LEGAL LOGIC AND ARGUMENTATION
(objectives)
LEGAL LOGIC AND ARGUMENTATION The Logic and legal argumentation course is a legal philosophical subject (IUS/20) intended to provide law students with interpretative and argumentative skills required to practice any legal profession. To that end, the course’s objectives are: 1) to provide the students an introduction to basic logical concepts; 2) to enable students to master the main interpretative and argumentative techniques employed in legal reasoning; 3) to enable students to analyze complex legal arguments, such as those found in judicial decisions and to autonomously develop lines of legal reasoning.

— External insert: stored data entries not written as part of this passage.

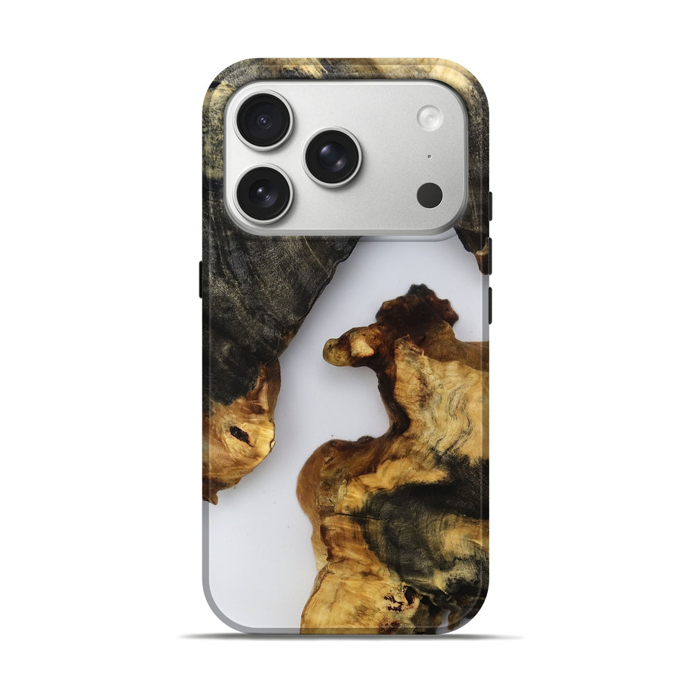 Our Live Edge cases are made from an amazing combination of stabilized wood burl and colored resin. Our stabilization process hardens the wood to protect against cracks and breaks. We do every step of the process at our shop in Northern Indiana. Perfectly fits the iPhone 17 Pro.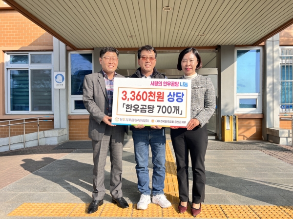 이 단체는 어려운 이웃들을 위해 매년 소고기를 정기적으로 후원하고 있으며 지난 16일에도 320만원 상당 한우 600g 150박스를 기탁한 바 있다.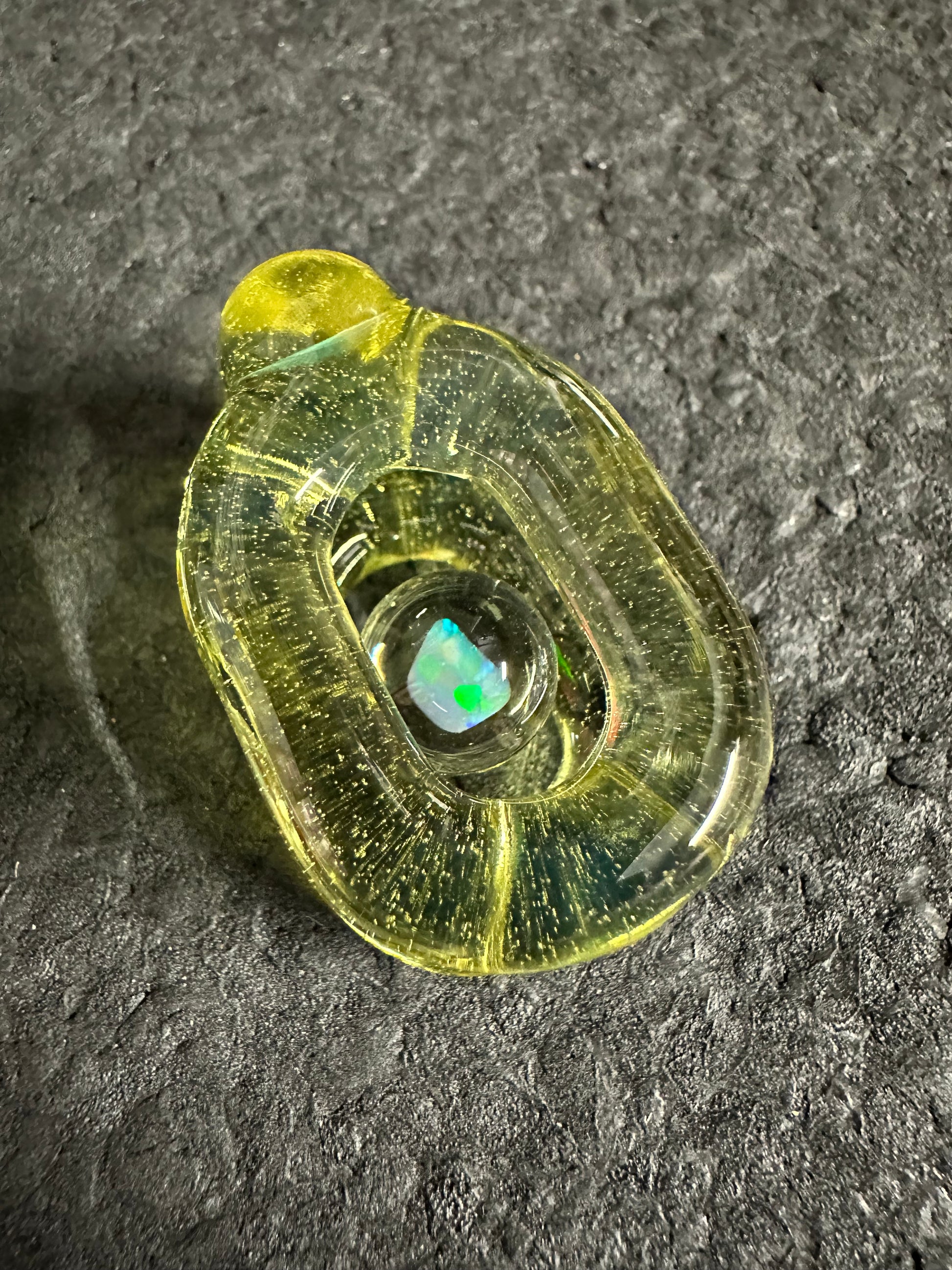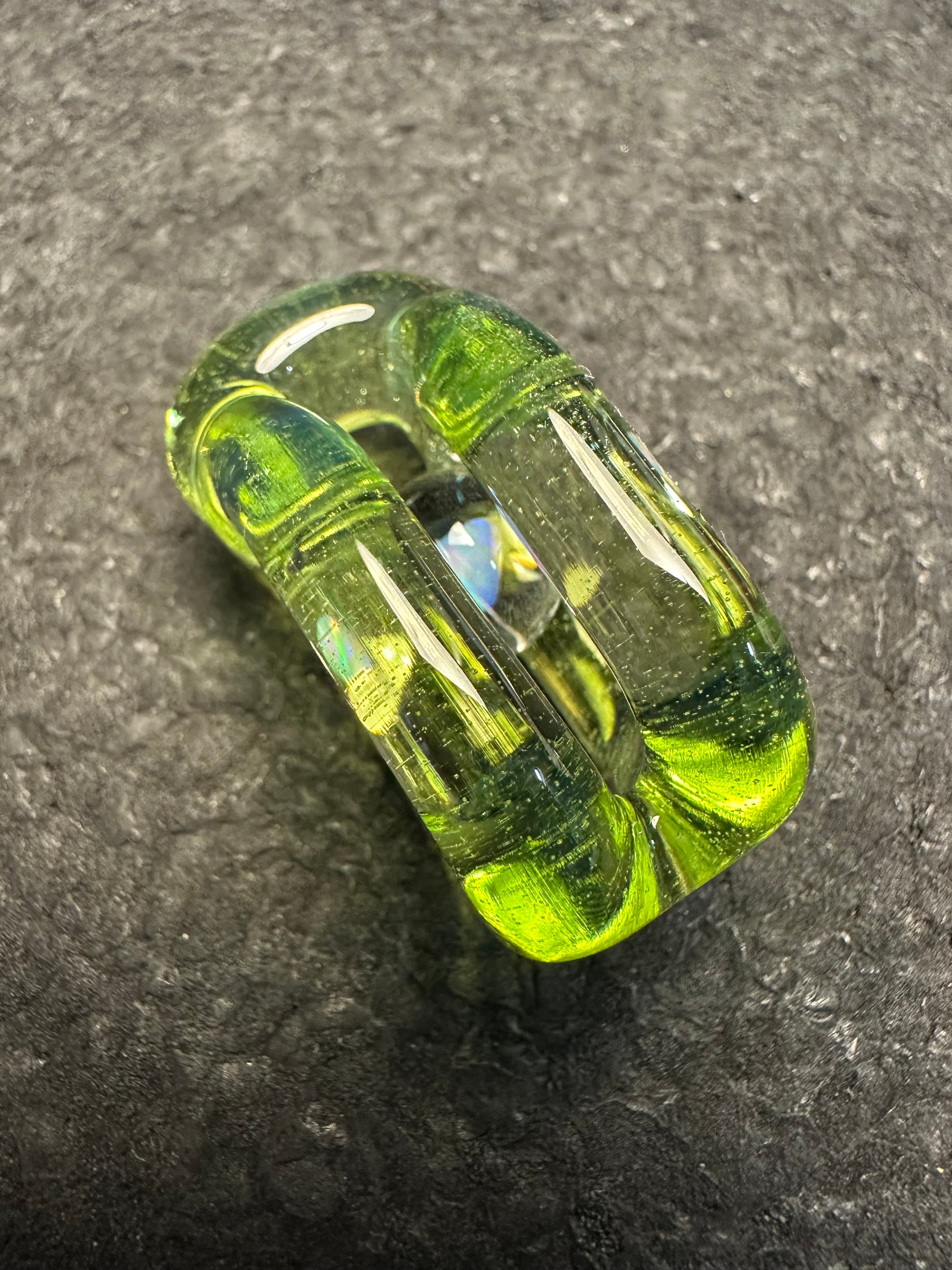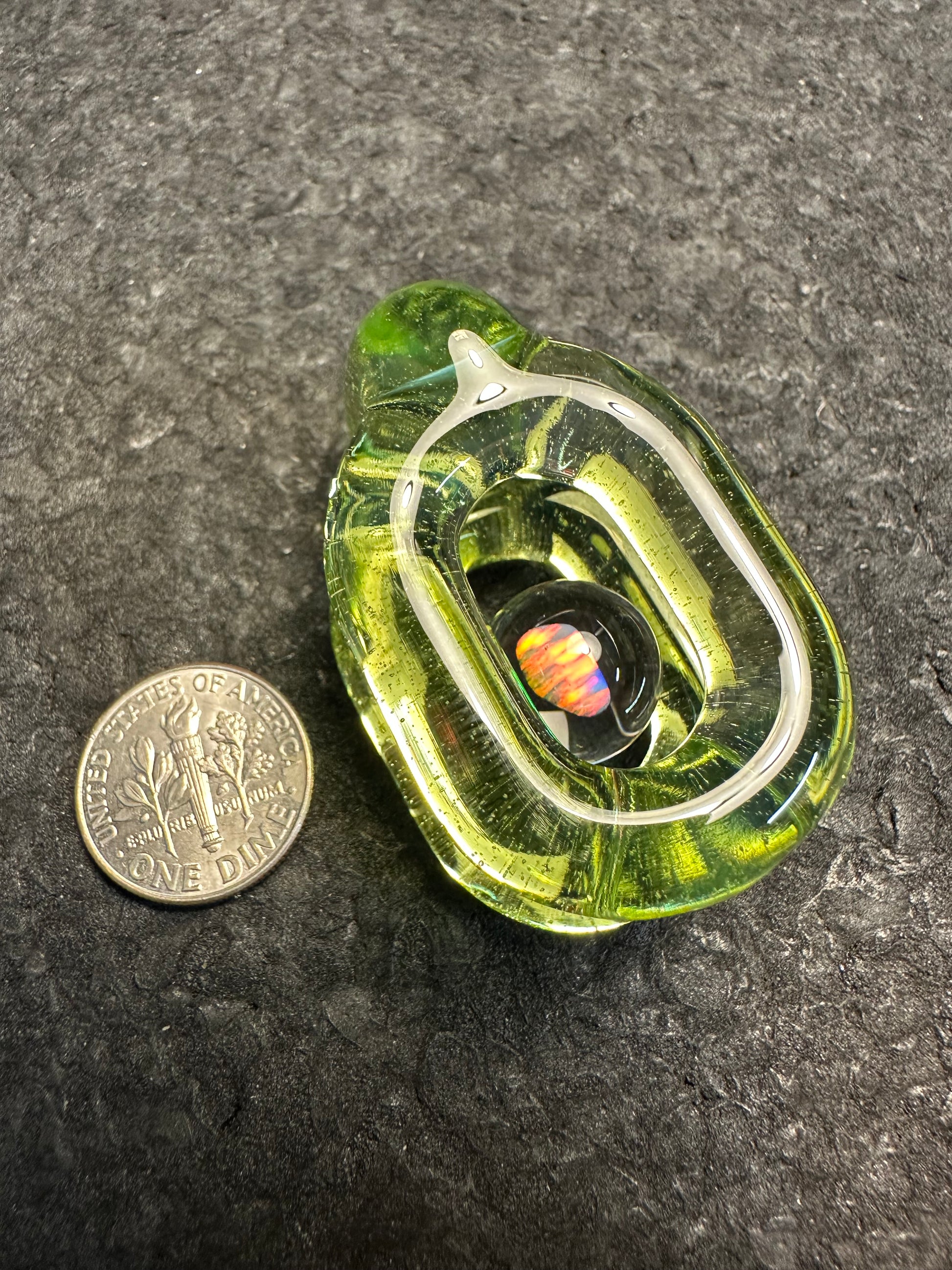 Made with Flip Frog from @borobatch. Fully CFL reactive, it changes colors based on light source, Fluorescent va. LED. About 1.75” tall. Bail opening is 7.16mm.

The main intended learning outcomes are: 1) knowledge and understanding: be familiar with and understand the fundamental concepts of legal logic and theory of interpretation; 2) ability to apply the acquired knowledge and understanding: to acquire the ability to use autonomously the techniques of legal reasoning; 3) autonomous assessment: to acquire the capacity to critically evaluate a legal argument, in particular those contained in the reasoning of judicial decisions; 4) Communication skills: to communicate the acquired knowledge in a full and exhaustive manner in short written papers; 5) learning skills: to be able to identify the main theoretical and logical problems underlying argumentation in general and legal argumentation in particular; to be aware of the relationship between these problems and the more general issues in legal theory (e.g. the relation between law and morality, the separation of State powers etc.)